Weeping families identify Quetta victims

State of the bodies added confusion to the relatives' burden of grief as some were given contradictory information.

At least 25 people were killed on Saturday when militants blew up a bus carrying female students. PHOTO: ONLINE

QUETTA:
Weeping relatives gathered Sunday to identify the charred remains of loved ones killed in a double attack in Quetta claimed by a banned militant group.

At least 25 people were killed on Saturday when militants blew up a bus carrying female students, and then stormed a hospital where survivors had been taken for treatment.

The extremist sectarian outfit Lashkar-e-Jhangvi (LeJ), responsible for a string of outrages against Pakistan’s Shia minority, said it was behind both attacks.

An LeJ spokesperson said a female suicide bomber struck the bus – a rare tactic in Pakistan – before gunmen attacked the hospital, claiming the strikes were revenge for an operation by security forces earlier this month.

Militants occupied parts of the Bolan Medical Complex in a standoff that lasted several hours and ended when security forces stormed the building, freeing 35 hostages.

Authorities shut down the hospital on Sunday, moving patients to another facility, as investigators combed the grisly aftermath of the violence.

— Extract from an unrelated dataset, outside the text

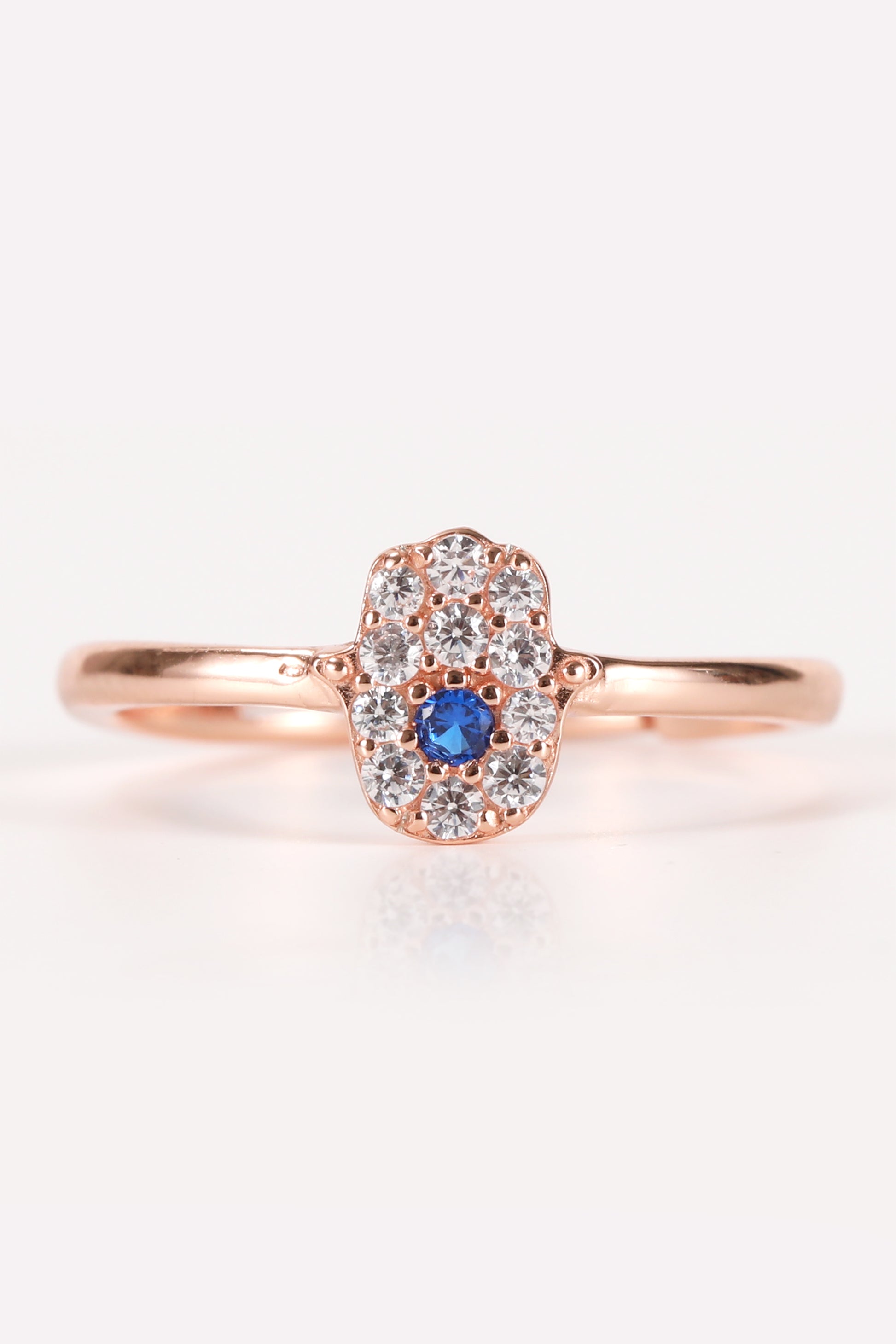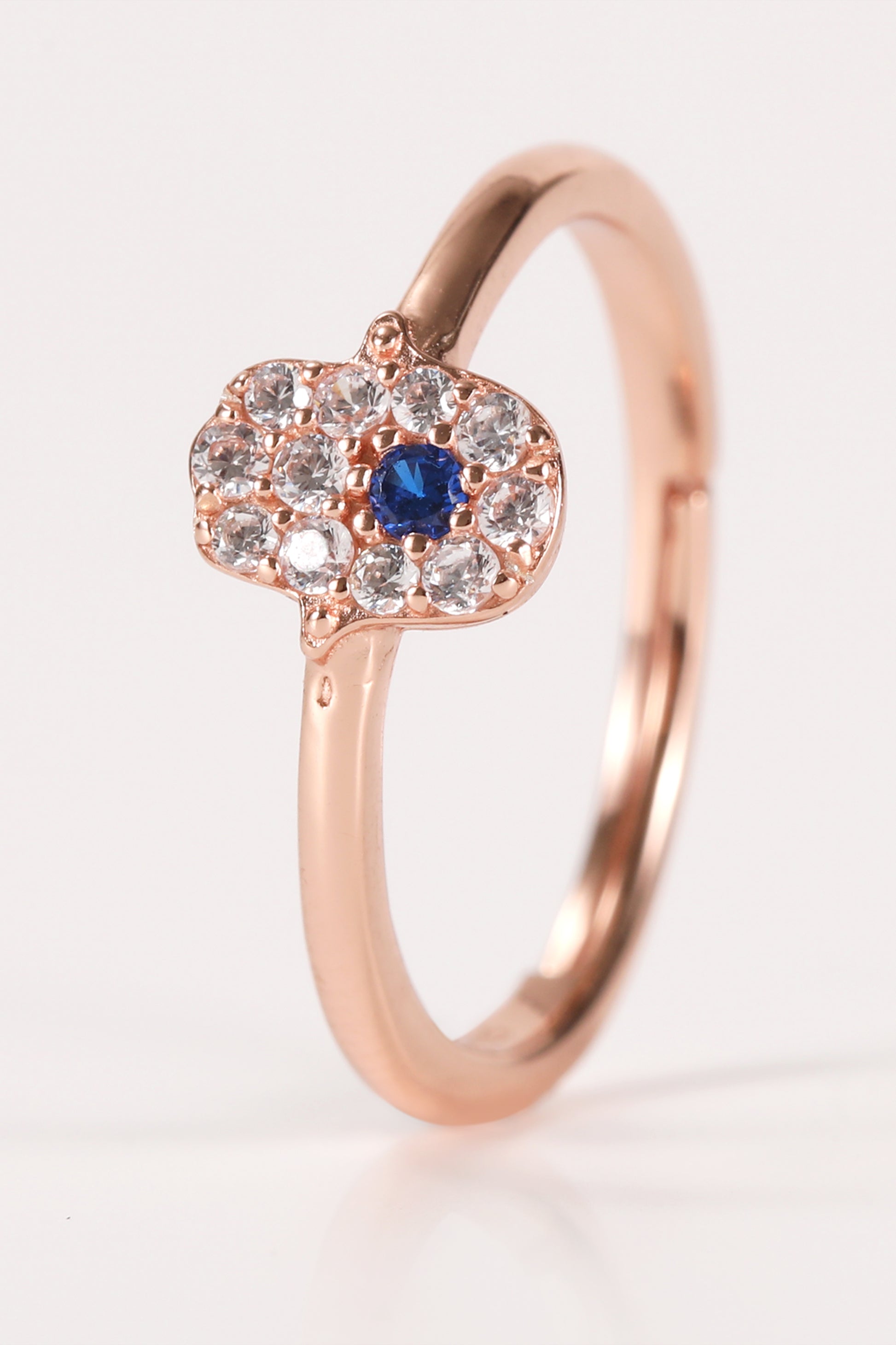 Evoke protection and style with our Evil Eye Silver Ring, delicately handcrafted and adorned with the iconic symbol in a charming rose gold polish. A unique blend of elegance and mystique, this ring is your statement of warding off negativity and embracing positivity.

"All patients were shifted from here overnight. Inside I have seen blood and small pieces of human flesh," a security official at the locked gates told AFP.

The intensity of the blast and subsequent fire reduced the student bus to a blackened skeleton, and outside the mortuary of the Provincial Sandeman Hospital on Sunday, weeping relatives gathered to identify bodies amid a strong stench of burnt human flesh.


The state of the bodies added confusion to the relatives' burden of grief as some were given contradictory information about their loved ones.

Mohammad Hamza, 19, said that on Saturday he had been given the body of his student sister, only to be told a mistake had been made.

"I came here after someone had given us the information that we had taken the wrong body and my sister's body was still here at hospital, but it is not true," Hamza told AFP. It appeared the body he was given on Saturday was indeed his sister.

Mohammad Yasir, deputy registrar of Sardar Bahadur Khan Women's University, said DNA testing may be needed to identify many body parts.

LeJ spokesperson Abubakar Siddiq called newspaper offices in Quetta late Saturday to claim the killings.

"The suicide attack on the bus was carried out by one of our sisters. She boarded the student bus and blew herself up," Siddiq said.

"Then we carried out a second suicide attack at the hospital and our fighters killed several people. We did this because security forces killed our fighters and their wives in Kharotabad."

Pakistani security forces on June 6 killed at least three militants and two women during a raid at a house in the Kharotabad neighbourhood of Quetta. Officials said they belonged to Tehreek-e-Taliban Pakistan, with whom LeJ has links.

The attacks came hours after a national monument linked to Pakistan's founding father Muhammad Ali Jinnah was destroyed by militants in Ziarat town, 80 kilometres southeast of Quetta.